Which brings us back to observation metrics - which are usually tied to a particular state (being a member) or action (joining, viewing, posting) of a participant. These are the most frequently collected metrics (no doubt because they are the easiest). However identifying an action and then ascribing meaning to it are two different things, as any ethnographer will tell you.

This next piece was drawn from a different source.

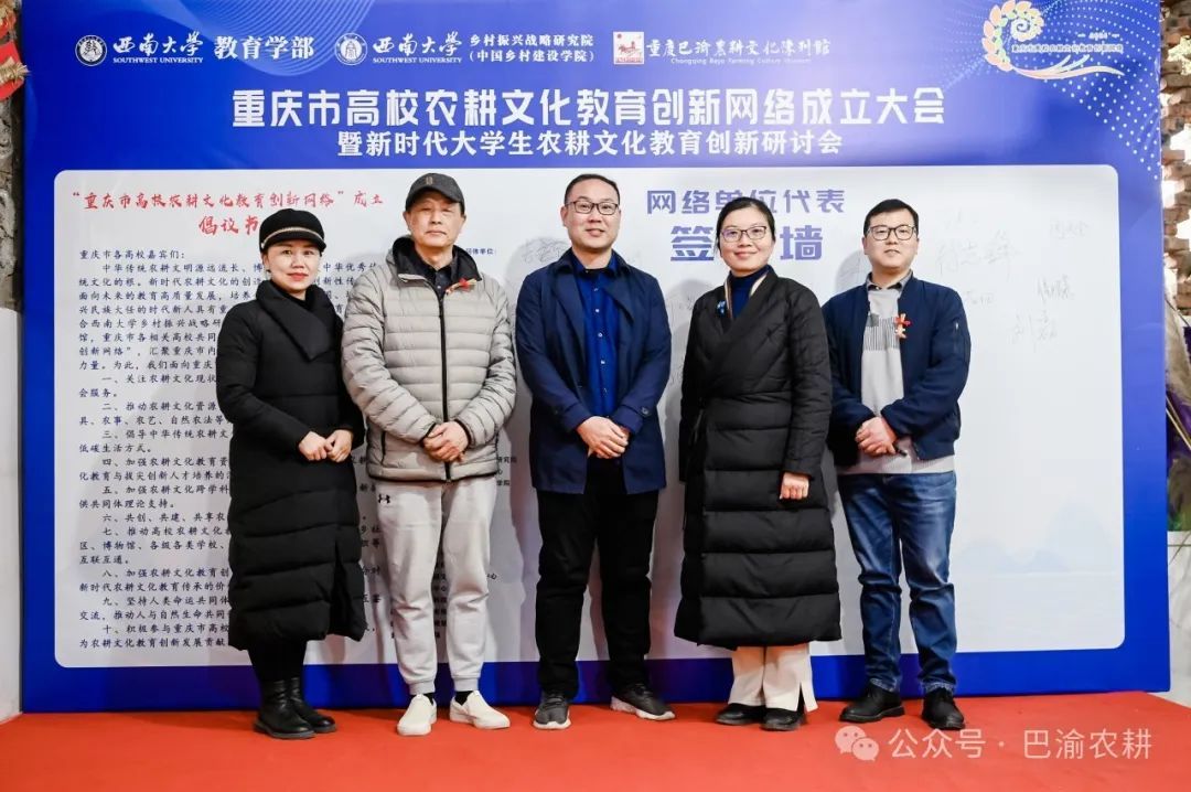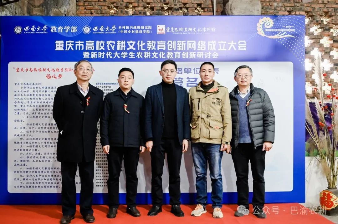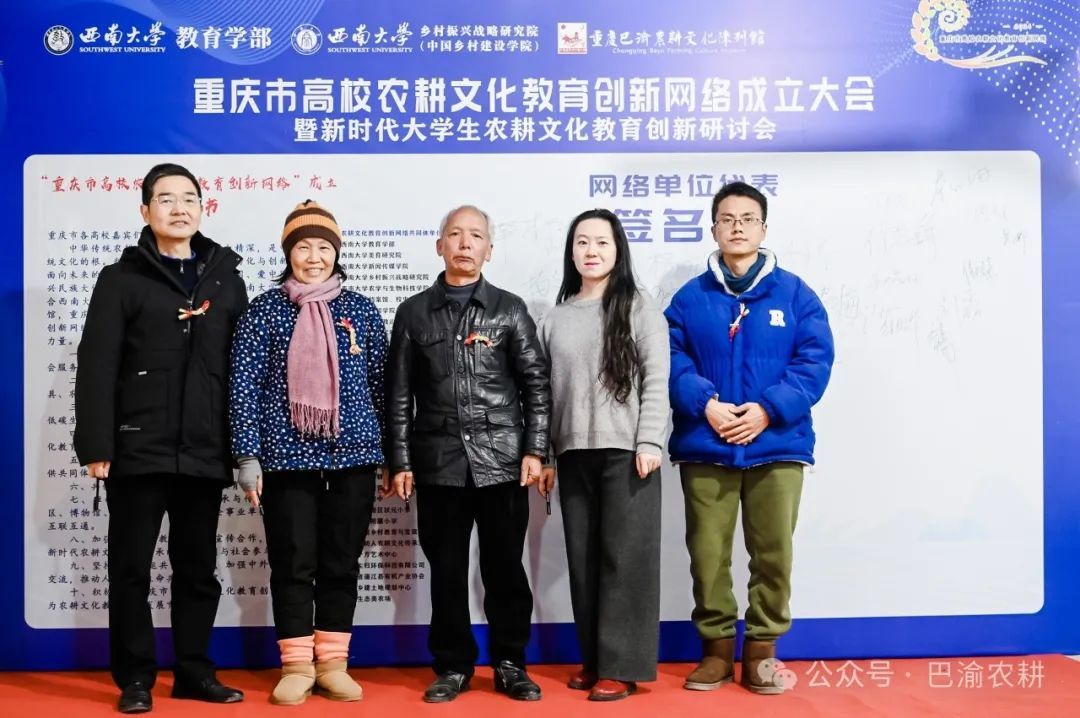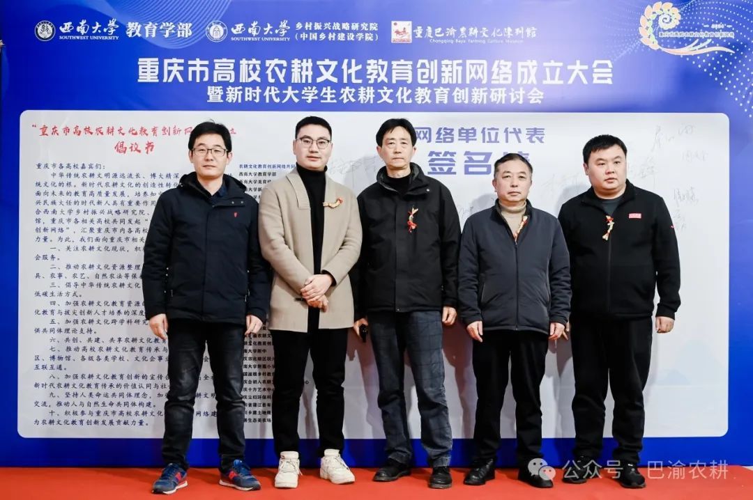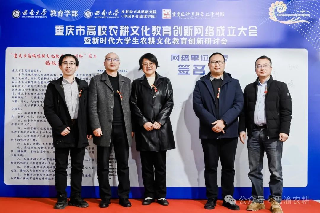 best365英国在线体育官网教育学部副部长王正青宣读《“重庆市高校农耕文化教育创新网络”成立倡议书》,面向参会嘉宾与共同体单位发出十条倡议,呼吁重庆市内各高校汇聚起农耕文化教育创新共同体力量;重庆市高校农耕文化教育创新网络共同体单位代表、best365英国在线体育官网农耕文化教育创新社学生代表们上台在倡议书上签名并合影。

Taking this to the next level, both Miguel and Taule & Timbrell look at conversation metrics - questions posted & answers followed up. This is undoubtedly useful information (and goes some way to my Metrics 3.0 question) but these are difficult to catch on the fly. Plus it either requires you to assume that the thread structure accurately captures interactions or else you have to hand code each post for later analysis (which is laborious work). If the thread structure does capture the shape of conversations well enough, then it might yield some interesting insights. Interestingly, blogs capture this kind of data quite well (either through comments per post or examining links between blogs) because they are less "conversational" than bulletin boards.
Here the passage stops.